# Requirement:
Work through the entries that follow and state how many lines contain the word "werden". Only the number is wanted.

# Material provided:

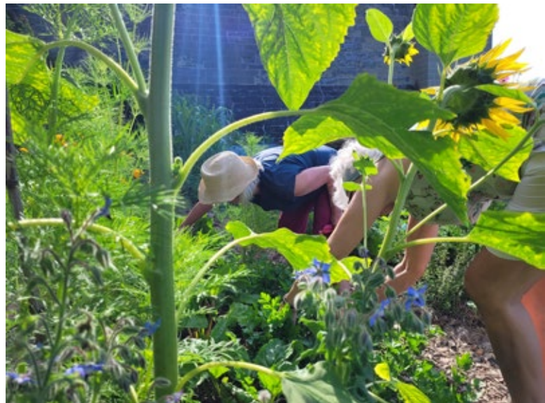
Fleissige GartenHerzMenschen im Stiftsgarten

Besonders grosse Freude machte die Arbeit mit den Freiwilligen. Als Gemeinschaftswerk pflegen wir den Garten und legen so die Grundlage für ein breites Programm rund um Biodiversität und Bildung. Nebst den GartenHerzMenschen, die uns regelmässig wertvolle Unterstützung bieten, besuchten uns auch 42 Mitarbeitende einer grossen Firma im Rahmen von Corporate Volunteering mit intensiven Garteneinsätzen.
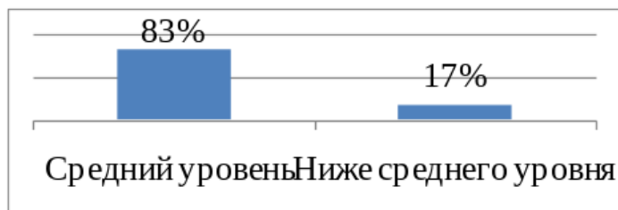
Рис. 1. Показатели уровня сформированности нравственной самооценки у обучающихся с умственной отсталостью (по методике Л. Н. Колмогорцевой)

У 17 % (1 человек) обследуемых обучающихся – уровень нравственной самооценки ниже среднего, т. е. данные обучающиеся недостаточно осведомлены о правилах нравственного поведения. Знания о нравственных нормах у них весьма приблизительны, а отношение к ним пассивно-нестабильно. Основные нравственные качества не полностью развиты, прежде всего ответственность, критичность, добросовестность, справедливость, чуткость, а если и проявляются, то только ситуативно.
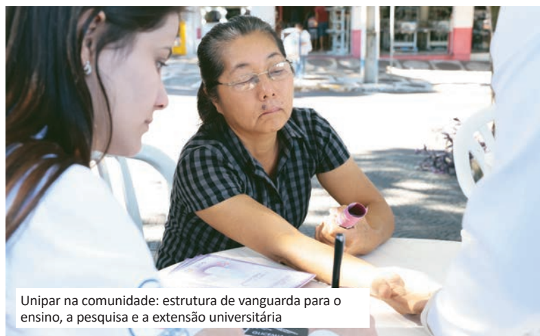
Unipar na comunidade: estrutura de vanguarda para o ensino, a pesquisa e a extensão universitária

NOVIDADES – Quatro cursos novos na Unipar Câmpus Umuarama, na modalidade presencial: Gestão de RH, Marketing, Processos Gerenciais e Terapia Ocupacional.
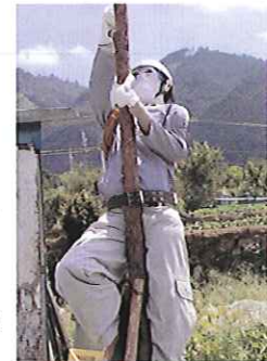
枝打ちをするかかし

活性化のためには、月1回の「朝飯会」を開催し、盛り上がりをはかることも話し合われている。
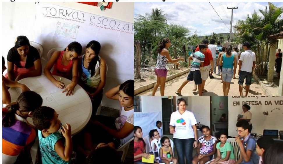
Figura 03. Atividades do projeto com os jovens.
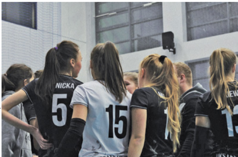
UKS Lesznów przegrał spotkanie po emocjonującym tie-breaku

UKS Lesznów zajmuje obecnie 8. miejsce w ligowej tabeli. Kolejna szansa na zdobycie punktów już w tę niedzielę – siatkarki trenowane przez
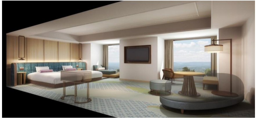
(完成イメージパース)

* * *

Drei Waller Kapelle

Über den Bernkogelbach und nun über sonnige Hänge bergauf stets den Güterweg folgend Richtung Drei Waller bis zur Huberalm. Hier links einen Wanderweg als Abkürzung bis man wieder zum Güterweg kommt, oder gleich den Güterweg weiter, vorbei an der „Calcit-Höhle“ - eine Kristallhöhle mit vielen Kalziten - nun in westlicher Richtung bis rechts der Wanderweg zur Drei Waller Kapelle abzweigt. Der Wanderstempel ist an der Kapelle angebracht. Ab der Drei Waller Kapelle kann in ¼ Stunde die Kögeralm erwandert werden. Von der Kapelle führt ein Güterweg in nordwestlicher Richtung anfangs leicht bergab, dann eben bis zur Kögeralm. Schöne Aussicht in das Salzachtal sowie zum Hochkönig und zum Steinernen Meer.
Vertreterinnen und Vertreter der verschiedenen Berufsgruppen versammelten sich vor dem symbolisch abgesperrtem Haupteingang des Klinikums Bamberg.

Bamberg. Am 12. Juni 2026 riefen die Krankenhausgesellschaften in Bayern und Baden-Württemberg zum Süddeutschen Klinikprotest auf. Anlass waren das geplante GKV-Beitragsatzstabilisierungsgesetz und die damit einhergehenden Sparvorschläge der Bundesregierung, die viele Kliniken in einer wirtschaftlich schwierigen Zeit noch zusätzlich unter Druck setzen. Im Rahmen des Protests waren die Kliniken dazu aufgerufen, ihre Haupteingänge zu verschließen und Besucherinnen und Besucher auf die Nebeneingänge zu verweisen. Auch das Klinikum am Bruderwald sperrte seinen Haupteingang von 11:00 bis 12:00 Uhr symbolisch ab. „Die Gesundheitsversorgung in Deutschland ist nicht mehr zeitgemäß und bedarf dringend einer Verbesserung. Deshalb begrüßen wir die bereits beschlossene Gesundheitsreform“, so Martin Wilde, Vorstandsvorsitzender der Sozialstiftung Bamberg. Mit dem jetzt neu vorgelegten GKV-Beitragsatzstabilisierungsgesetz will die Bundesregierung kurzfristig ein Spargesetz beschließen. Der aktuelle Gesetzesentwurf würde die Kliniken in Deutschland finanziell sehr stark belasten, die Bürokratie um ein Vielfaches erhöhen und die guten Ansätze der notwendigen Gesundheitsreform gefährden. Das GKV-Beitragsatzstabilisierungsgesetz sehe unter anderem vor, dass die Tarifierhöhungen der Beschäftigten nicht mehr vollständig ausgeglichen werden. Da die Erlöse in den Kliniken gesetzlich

---

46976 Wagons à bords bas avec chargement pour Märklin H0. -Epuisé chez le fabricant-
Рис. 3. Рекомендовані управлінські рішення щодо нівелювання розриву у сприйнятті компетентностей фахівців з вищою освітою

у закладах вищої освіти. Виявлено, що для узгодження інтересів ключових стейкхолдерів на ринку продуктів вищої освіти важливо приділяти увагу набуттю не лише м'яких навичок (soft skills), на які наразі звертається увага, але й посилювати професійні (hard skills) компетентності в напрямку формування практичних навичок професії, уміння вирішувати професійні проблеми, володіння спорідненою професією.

# Solution to this exercise:
2